The problem. Reproduce only the lines below from the line containing "キャンペーン画面は、Micr" to the line containing "3月22日,游人在柳山湖的桃", exactly as written, with both end lines kept. Omit the pictures.

------ Information supplied

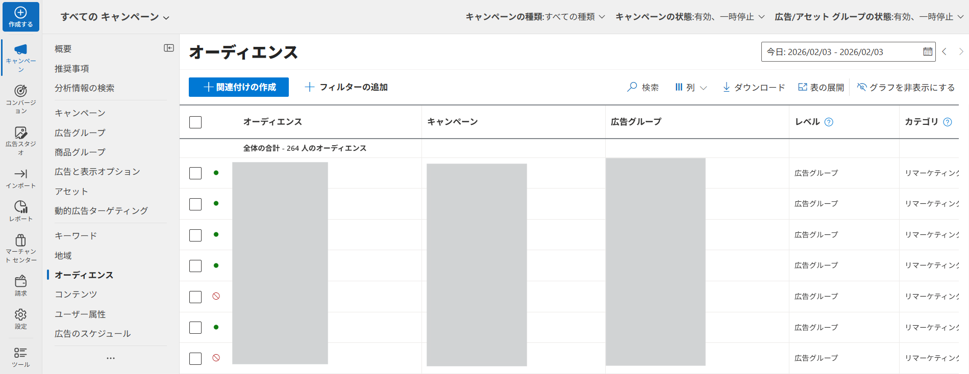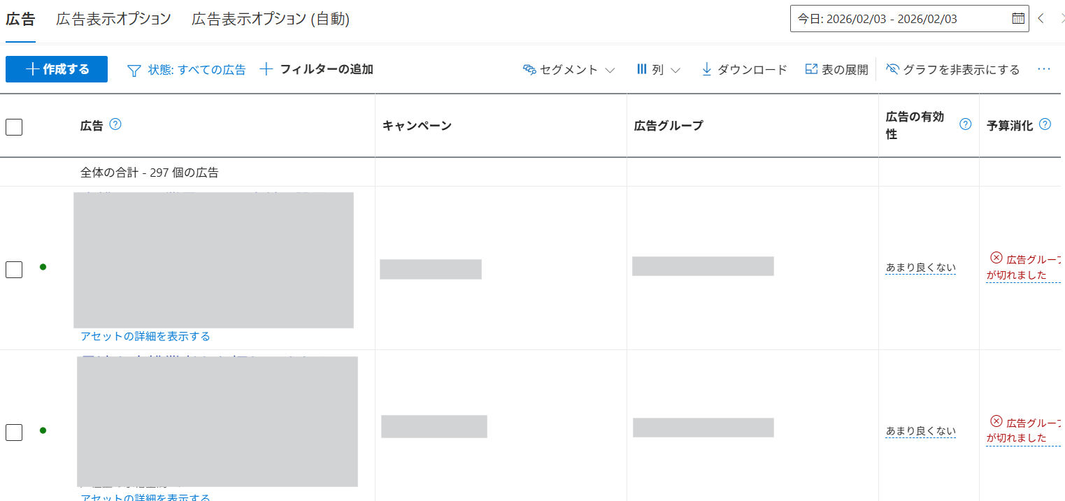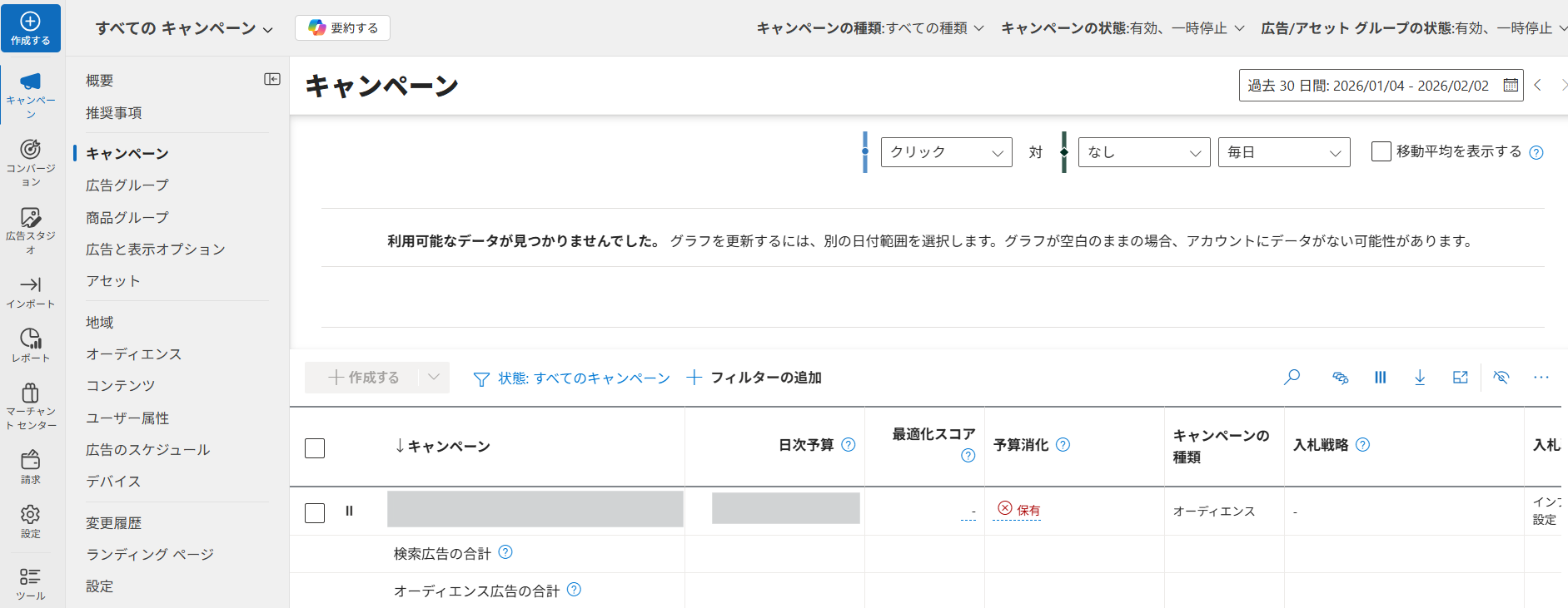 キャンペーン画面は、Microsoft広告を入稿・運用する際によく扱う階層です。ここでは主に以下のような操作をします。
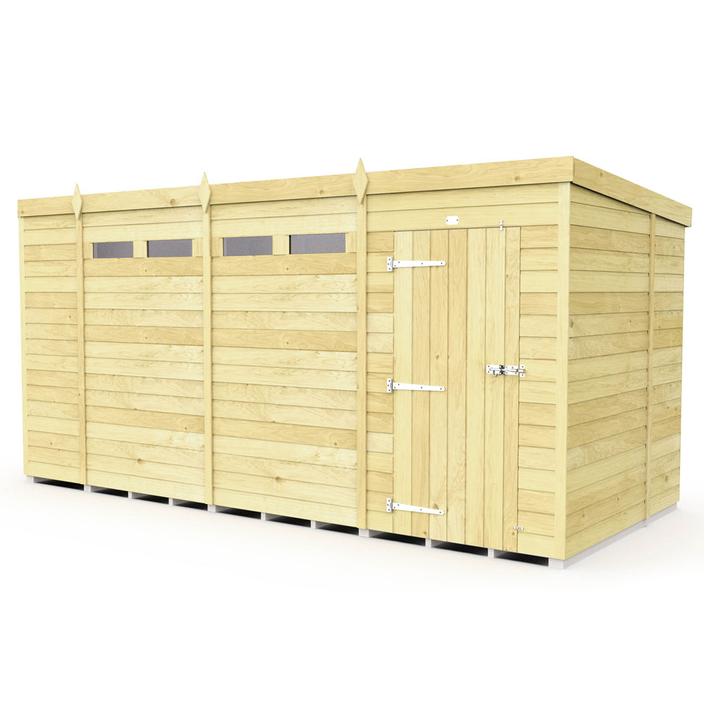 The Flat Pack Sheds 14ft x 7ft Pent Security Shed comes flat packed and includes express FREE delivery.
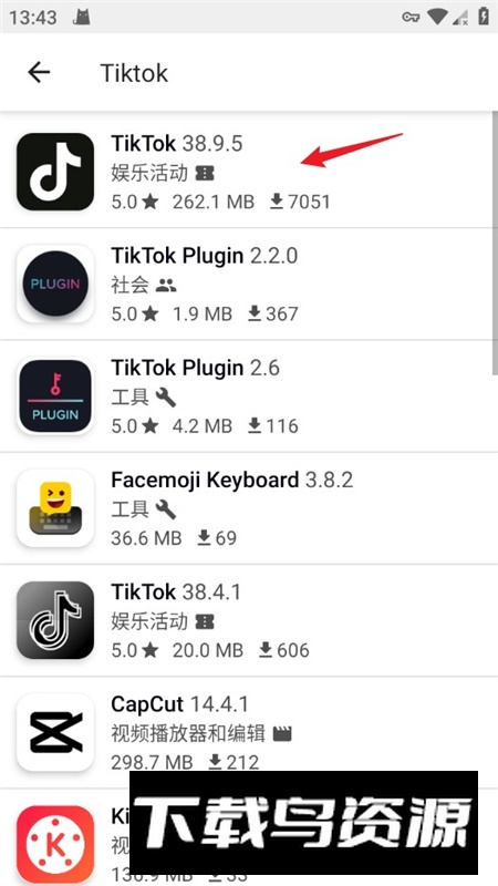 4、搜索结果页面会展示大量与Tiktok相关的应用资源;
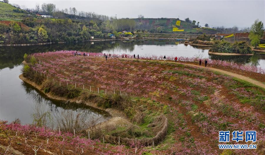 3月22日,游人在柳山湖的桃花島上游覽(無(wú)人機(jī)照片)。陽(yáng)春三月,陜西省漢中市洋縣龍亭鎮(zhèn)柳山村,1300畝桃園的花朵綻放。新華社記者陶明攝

------------
------ Information supplied

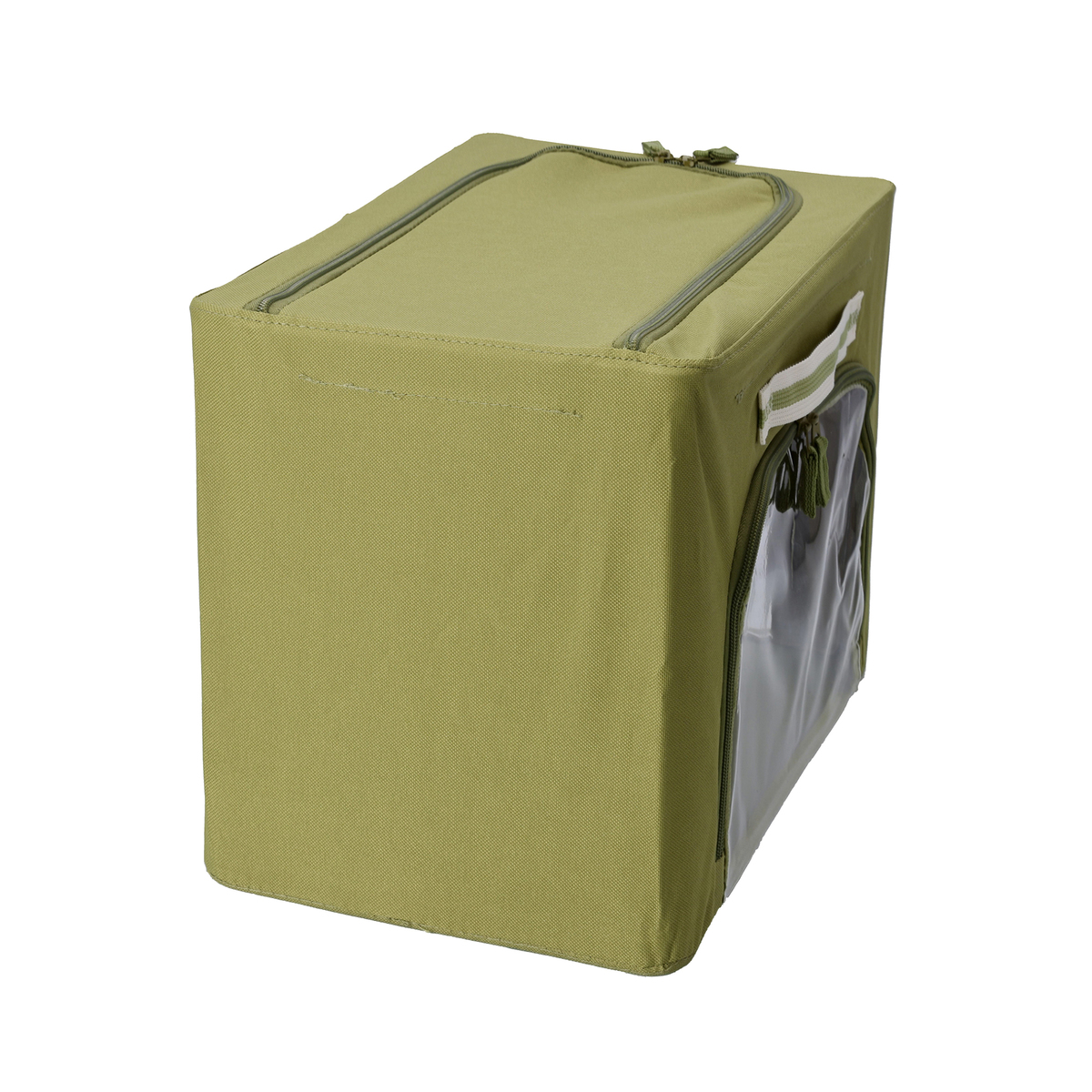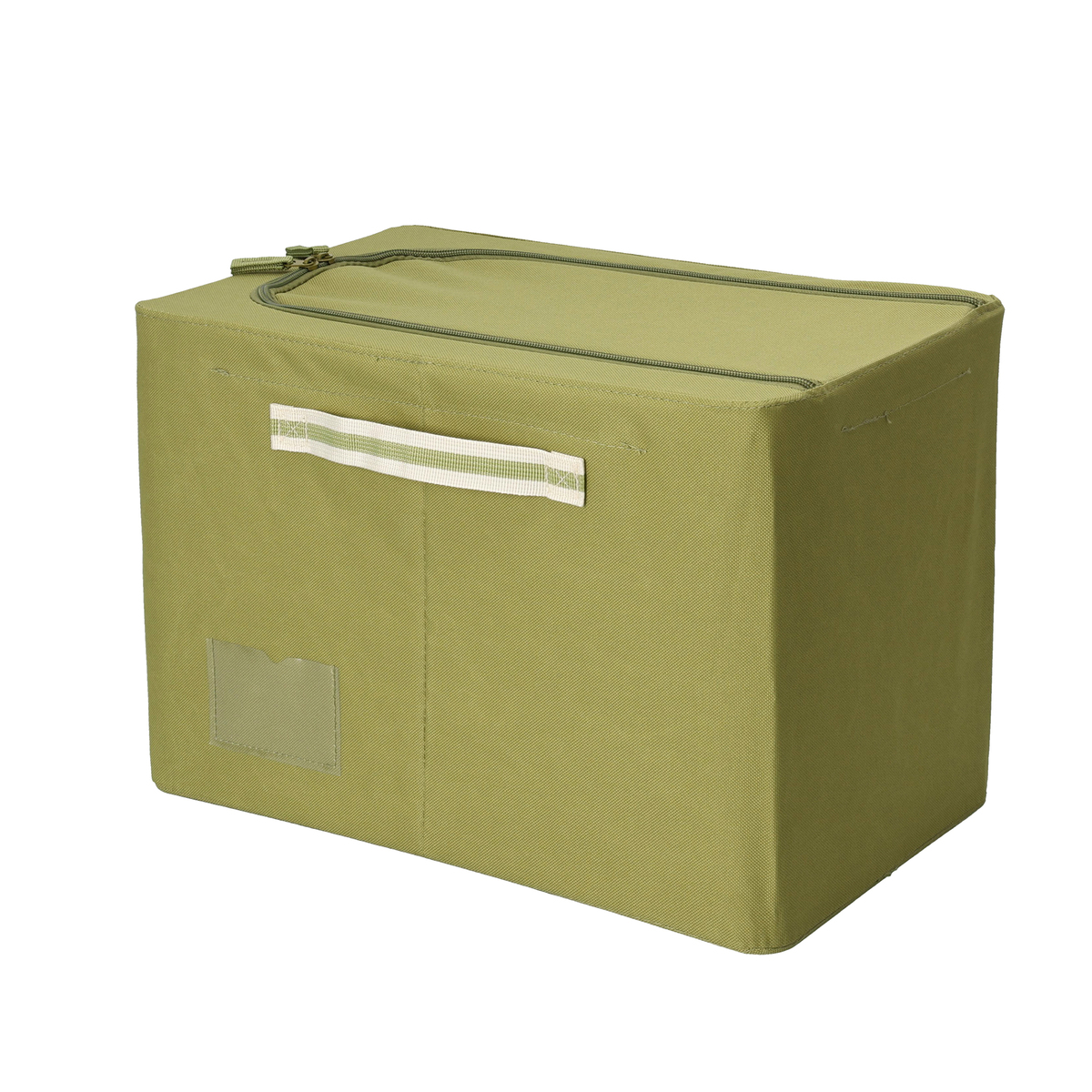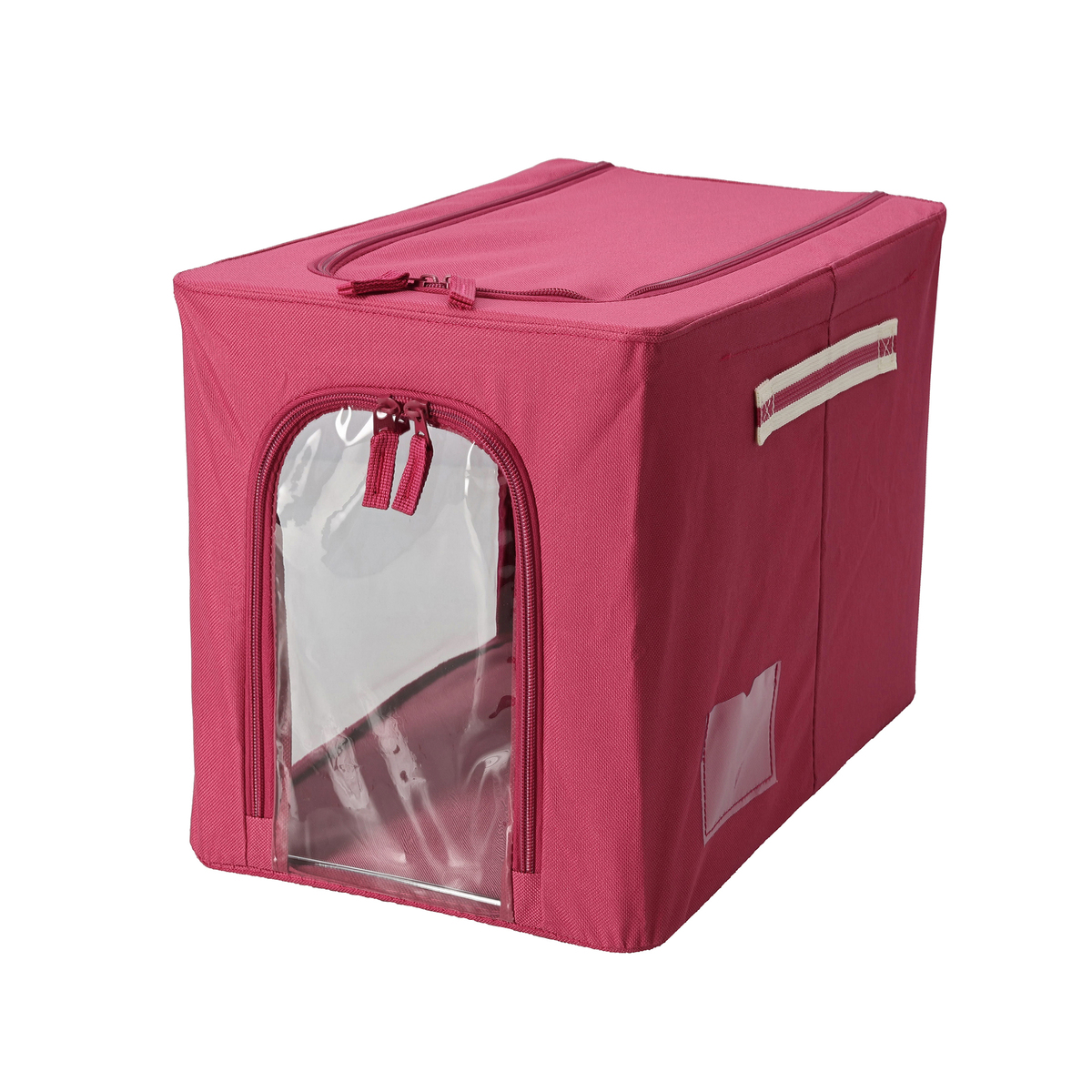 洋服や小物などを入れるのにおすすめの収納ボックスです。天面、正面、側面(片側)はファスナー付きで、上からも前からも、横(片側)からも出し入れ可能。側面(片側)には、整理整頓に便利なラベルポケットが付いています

------------
------ Information supplied

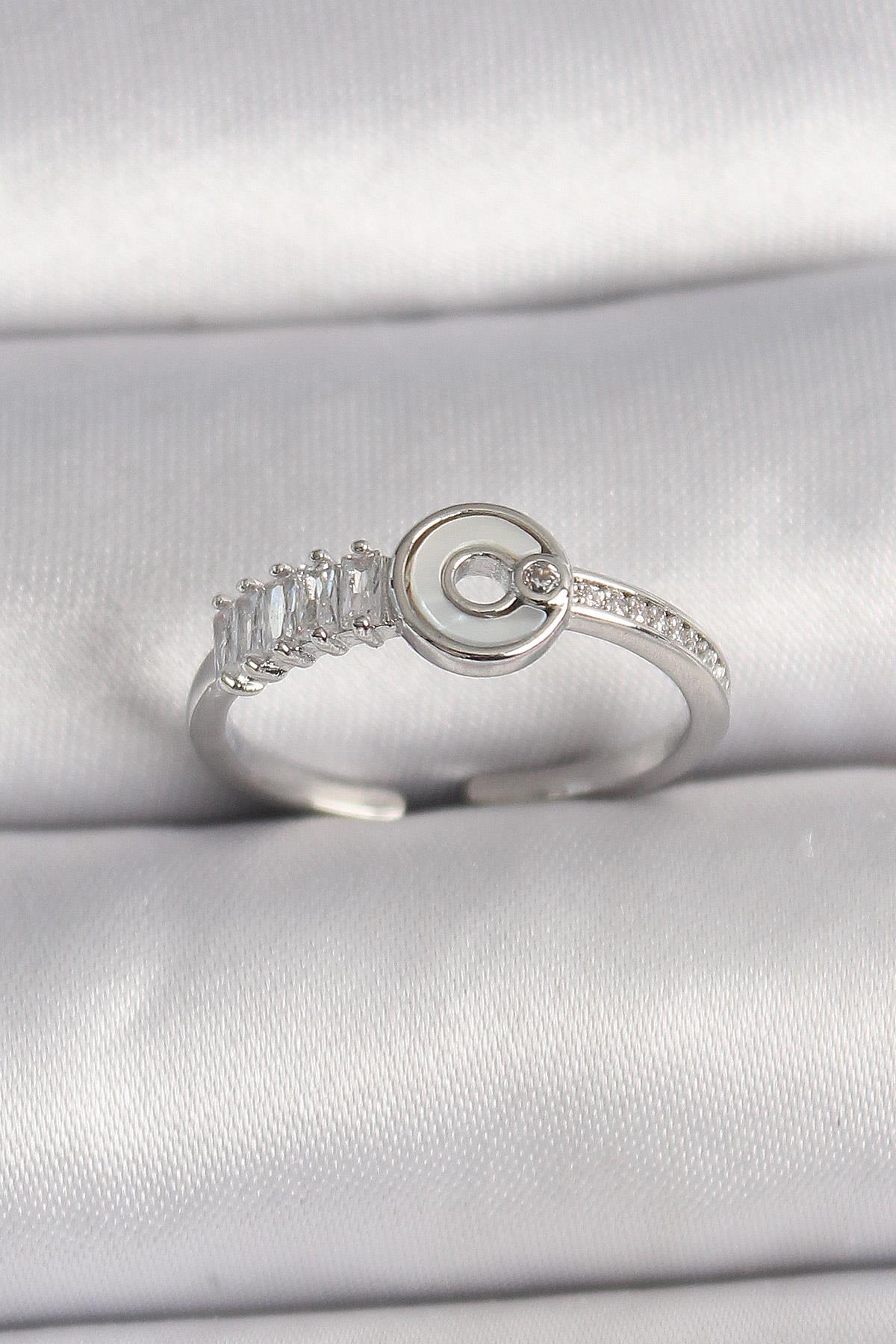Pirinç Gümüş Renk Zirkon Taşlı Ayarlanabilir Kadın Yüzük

------------

Response to the exercise.
 キャンペーン画面は、Microsoft広告を入稿・運用する際によく扱う階層です。ここでは主に以下のような操作をします。
 The Flat Pack Sheds 14ft x 7ft Pent Security Shed comes flat packed and includes express FREE delivery.
 4、搜索结果页面会展示大量与Tiktok相关的应用资源;
 3月22日,游人在柳山湖的桃花島上游覽(無(wú)人機(jī)照片)。陽(yáng)春三月,陜西省漢中市洋縣龍亭鎮(zhèn)柳山村,1300畝桃園的花朵綻放。新華社記者陶明攝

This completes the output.